MicroRNAs (miRNAs) are endogenous ~22 nucleotide noncoding RNAs, which act as posttranscriptional regulators in animals and plants. MiRNAs use two distinct posttranscriptional mechanisms to downregulate gene expression. They act by binding to the complementary sites on the 3' untranslated region (UTR) of the target gene to induce cleavage with near perfect complementarity or to repress productive translation [1–6]. They also facilitate deadenylation, which leads to rapid mRNA decay [7, 8]. The choice between the translational inhibition and destruction is thought to be governed by the degree of mismatch between a miRNA and its target mRNA. The behaviors of miRNAs differ between animals and plants. Those of plants tend to show near perfect complementarity to their target messenger RNAs (mRNAs), but the miRNAs of animals usually have imperfect characteristics, including mismatches, gaps, G:U wobble pairs and others [9–15]. This makes it hard to find target animal mRNAs using only sequence complementarity. Nevertheless, strong sequence conservation observed in target mRNA sites and in miRNA sequences makes it possible to develop programs for the prediction of potential targets [16–18]. This evolutionarily meaningful evidence shows the importance of sequence preservation as a requirement for function. Particularly, no specific role has been explained for the 3' ends of miRNAs even though they tend to be evolutionarily conserved over their entire lengths.

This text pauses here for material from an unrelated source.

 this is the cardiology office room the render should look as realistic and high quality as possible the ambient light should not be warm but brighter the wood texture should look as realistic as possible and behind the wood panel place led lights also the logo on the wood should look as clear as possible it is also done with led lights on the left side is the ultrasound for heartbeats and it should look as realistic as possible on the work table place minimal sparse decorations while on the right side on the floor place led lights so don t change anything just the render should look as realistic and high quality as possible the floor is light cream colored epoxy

To date, computational methods have been widely used for the prediction of miRNAs [16, 19–21] and miRNA target genes [12, 22–28]. Different approaches have been used for miRNA target predictions in plants and animals. For plant sequences, similarity-based approaches have shown high performance because complementarity is nearly perfect [22, 25]. However, such approaches are not appropriate for animal genomes because of the imperfect nature of the miRNA:mRNA interaction. Studies for animal sequences have been based on both the complementarity to the 5' part of miRNAs and conserved motifs over species [12, 23, 24, 26]. These can be implemented by a model containing weighted position features and comparative information to detect target mRNA sites and to reduce false positives. Scoring methods using dynamic programming [26, 27, 29] and a complementarity-based strategy. [23, 28] are generally preferred to rank the prediction results. They have been quite successful for a few top-ranked results. However, the results are often limited by the conserved nature of the data set used.

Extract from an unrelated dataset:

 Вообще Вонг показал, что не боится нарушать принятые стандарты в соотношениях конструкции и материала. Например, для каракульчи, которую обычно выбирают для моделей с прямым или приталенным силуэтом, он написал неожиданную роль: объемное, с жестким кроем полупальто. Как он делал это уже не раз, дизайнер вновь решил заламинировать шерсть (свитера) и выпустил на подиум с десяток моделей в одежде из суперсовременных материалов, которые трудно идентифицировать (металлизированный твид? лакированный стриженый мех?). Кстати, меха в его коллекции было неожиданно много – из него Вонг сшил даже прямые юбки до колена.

In this article, we present a support vector machine (SVM) classifier to predict miRNA target genes. An SVM is one of the most popular machine learning algorithms and it has good performance in classification problems. Moreover, we collected training data from the literature to make a biologically relevant simulation. Generally, the efficiency and the reliability of a machine learning algorithm depend on choosing relevant data and specific features. Thus, a biologically relevant data set is as important as a good algorithm. An SVM builds a classifier directly from the data by investigating its characteristics. It does not require conservation information for classification, so it is free from the limitations described above. Our SVM classifier gave good results for predicting the targets of miRNAs.

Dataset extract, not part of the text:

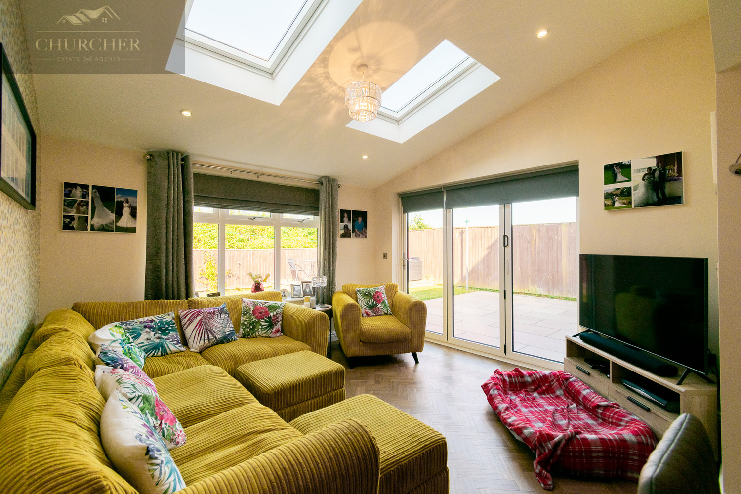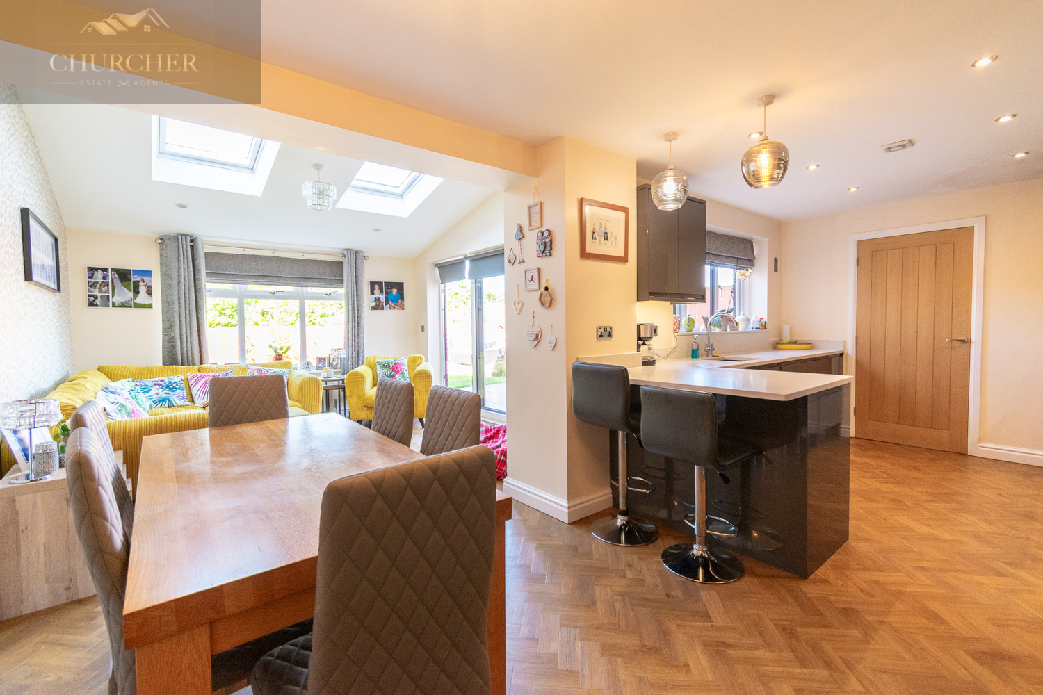 This room flows effortlessly into a family living space, with skylights overhead and full-width bi-fold doors opening onto the rear patio, flooding the room with natural light. A striking mustard corner sofa and vibrant soft furnishings add character and warmth, making it a welcoming space for all seasons. The family room features beautiful herringbone-effect flooring that not only adds a touch of timeless elegance but also provides a practical and durable surface ideal for busy family life. This stylish flooring seamlessly continues from the kitchen and dining area, helping to unify the entire open-plan space and enhance the sense of flow throughout the ground floor.

Biologically relevant data set
The training data set configuration.
Stark et al.
Johnston et al.
Nelson et al.
Kiriakidou et al.
Vella et al.
Doench et al.
Yekta et al.
Lai et al.
Brennecke et al.
The training data set gained directly from the literature contained 235 examples including 152 positives and 83 negatives. There were too few negative examples to build an effective classifier. We needed more negative data because these usually contribute to the specificity of a classifier much more significantly than positive data. Specificity is usually more important than sensitivity in genome analysis because slight decreases in specificity values can generate many false predictions because of the large size of genome sequences. However, we did not use randomly generated negative examples because such sequences often interact with miRNAs, as shown in the signal-to-noise ratio experiments of previous studies [23, 30, 31]. Instead, we inferred 163 negative examples as described below. Thus, the final size of the data set was 398 (152 positives, 246 negatives).
For the inferred negative examples, we noted that deletion of target sites on the target mRNA sequence can give a large number of negative examples. Thus, in one report , let-7 miRNA could not repress expression after deleting the target sites of let-7 miRNA on lin-41, and in another , let-7 miRNA was inactivated by knocking out the target sites on the gene for the cold shock protein LIN-28. That is, the remaining region on the lin-41 3' UTR will not now work with let-7 miRNA. This is the same for LIN-28. We conclude that if all the actual binding sites on lin-41 and LIN-28 are masked, then all the other remaining sites with favorable seed pairings are apposite as negative examples. In practice, we collected examples with more than 4-mer matches at their seed part and discarded the rest to improve the quality of the data set. As a result, we gained 163 inferred negative examples: 50 from lin-41 and 113 from LIN-28.
Support vector machine
We used an SVM [32, 33] to build a classifier discriminating the binding sites of a miRNA on the 3' UTR region of a gene. SVMs allow an implicit mapping of the sample vectors into a high-dimensional, non-linear feature space, in which the samples may be separated better using a similarity function between pairs of samples, called a kernel. To implement a kernel method, let us denote S = (x1,...,x n ) as a set of miRNA target data to be trained. We suppose that each datum x i is an element of a set X of all possible target data. To design a data classification method, the data set S is then represented as the set of features, Φ(S) = (Φ(x1),..., Φ(x n )), where Φ(x) can be defined as a real-valued vector. The size of the vector is the number of features. This classification method is designed to process a set of pairwise comparisons of data x i and x j . It is represented by an n × n matrix of pairwise comparisons ki,j= k(x i ,x j ). The n × n matrix is used as input data of our kernel. In our study, a radial basis function (RBF) kernel is used:
k(x i , x j ) = exp(-γ ||x i - x j ||2), (1)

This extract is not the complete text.